Context engineering feels trivial most of the time, but can quickly become the bottleneck when building multi-step agentic workflows.
The premise is simple: you only have a finite number of tokens that fit an LLM’s context window. For multi-step workflows, you have to decide which tokens get to live there at each step.
The naive approach is to shove everything into context and hope the LLM figures it out. But you hit the token ceiling quite quickly, and it becomes expensive, since most LLM pricing scales with input/output tokens (Hey Navendu, why did we spend $500 in three hours yesterday on OpenRouter?).
There’s also “context rot,” the idea that LLMs start to perform worse as their context grows. Anyone who has had a long chat with ChatGPT or a long coding session with Claude Code would know this from experience.

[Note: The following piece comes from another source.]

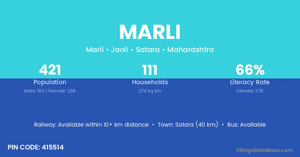 The literacy rate of Marli village is 44.54%. Male literacy stands at 52.82% and female literacy at 35.26%.

As the number of tokens in the context window increases, the model’s ability to accurately recall information from that context decreases.
Recursive Language Models (RLMs) offer a way around this. At a high level, RLMs break the problem into subproblems, call itself on each subproblem with only the relevant subset of available information, and then composes the answer back together. Every recursive call gets its own clean, minimal context. The root agent context remains minimal, with only the responsibility of orchestration.
In practice, using a REPL environment, this lets the model programmatically navigate the larger context rather than swallowing it whole.
I’ve been exploring similar ideas (primarily to reduce costs) in which the root agent can only spawn subagents through a tool call. The subagents do all the actual work and provide a summary to the root agent, which is what gets added to the context rather than the complete analysis. These experiments produced excellent results in both quality and cost.
The REPL pattern is useful in places where you would otherwise construct the context/prompt programmatically from structured data. For example, instead of looping through records in a table to convert them into Markdown-formatted text, the LLM can directly write the Python code to inspect exactly what it wants without the intermediate step of adding all records into context.
While the paper makes it clear that REPL is just their environment of choice, it is indeed a good choice. Being able to programmatically interact with the context can be a natural solution for common agentic problems.